El paseador a veces anda con 40 animales, aunque el máximo permitido es de ocho. "!Alfil, quieto!", ordena. "Zafarrancho, no te muevas", exige. Ellos acatan. Ejerce la autoridad pensando que el catastro de Buenos Aires es suyo, pero también reparte premios y deja a su jauría hacer sus necesidades a piaccere, debajo de un árbol, frente a una puerta, en cualquier vereda. El Instituto de Zoonosis Pasteur estima que los perros defecan al menos una vez al día en la vía pública y dejan más de 70 toneladas de excremento.La ordenanza municipal número 41.831 es clara: Los "propietarios y paseadores" están obligados "a recoger" lo que expulsa el intestino. Pero casi nadie la cumple (y es lo que trate de decirle a la paseadora de la calle Sucre, recibiendo como respuesta una mueca de desdén). En el 2005, fueron multadas apenas dos personas por burlar la ley. La dirección de Medio Ambiente se endureció y un año más tarde el castigo alcanzóa cinco. Pobres sus 15 inspectores: hacen lo que pueden. Y, la verdad, no es mucho. Tan abatidos deben estar los funcionarios que, cuando se topan con alguien que respeta las normas de higiene y lo ven guardar en una bolsa la deposición del animal se restregan los ojos: creen que están frente a un espejismo.

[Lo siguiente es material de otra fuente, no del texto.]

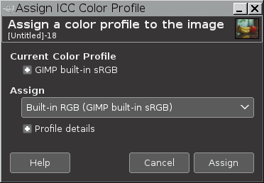 Billedet har måske en indlejret sRGB-profil, men du vil tildele en indbygget sRGB-profil i GIMP i stedet for den indlejrede sRGB-profil. Eller omvendt, måske er billedet i GIMPs indbyggede sRGB-farverum, men du vil tildele en sRGB-profil fra disken.
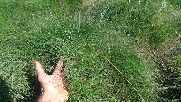 “Native Mow Free” sod (a mix of Festuca idahoensis, Festuca occidentallis, and Festuca rubra, 8–10 inches tall, sold in 2-foot by 5-foot rolls, full sun to significant shade)

Buenos Aires tiene 1.020 espacios verdes pero solo 17 de ellos cuentan con "caniles", como se llaman los lugares públicos donde los perros están autorizados a hacer lo suyo. Allí se realiza un acto elitista, de minorías. La gran defecación se queda afuera de ese perímetro, se seca a la vista, como el único regalito que iguala a los animales de pedigrí y a los chuchos sin dueño que nunca dejan de ladrar por su abandono.Y tampoco falta nunca el grito de un desprevenido que tapizó su suela con ese marrón oscuro que hiede y avergüenza. La experiencia les enseña a andar atentos por un suelo lleno de infaustas sorpresas. Es por eso que a veces también la gente anda cabizbaja, o camina en zigzag.

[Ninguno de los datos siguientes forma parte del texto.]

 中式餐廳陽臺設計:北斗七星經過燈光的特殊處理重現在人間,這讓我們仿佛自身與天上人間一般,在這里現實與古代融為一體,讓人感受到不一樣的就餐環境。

Muchos, incluso, se han vuelto zoofóbicos o han perdido la compostura. La frase "¿qué, acaso usted no quiere a los animales?", suele ser soltada por los paseadores como un mantra defensivo.

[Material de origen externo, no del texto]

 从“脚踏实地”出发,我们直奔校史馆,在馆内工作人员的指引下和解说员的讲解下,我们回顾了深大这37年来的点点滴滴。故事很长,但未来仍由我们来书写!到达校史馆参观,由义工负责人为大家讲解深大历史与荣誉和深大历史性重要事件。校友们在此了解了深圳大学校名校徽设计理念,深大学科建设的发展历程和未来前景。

Una vez sucedió algo extraño en la Recoleta, uno de los barrios más chic de esta capital perruna. Trece canes murieron envenenados con estricnina. La identidad del asesino en serie nunca se conoció. Menos sus motivos. Se llegó a especular con que se trataba de la venganza de una víctima de las repetidas marranadas, permitidas por los dueños de los animales. Me habría gustado contarle la anécdota a la chica de la calle Sucre, pero seguramente la hubiera malinterpretado.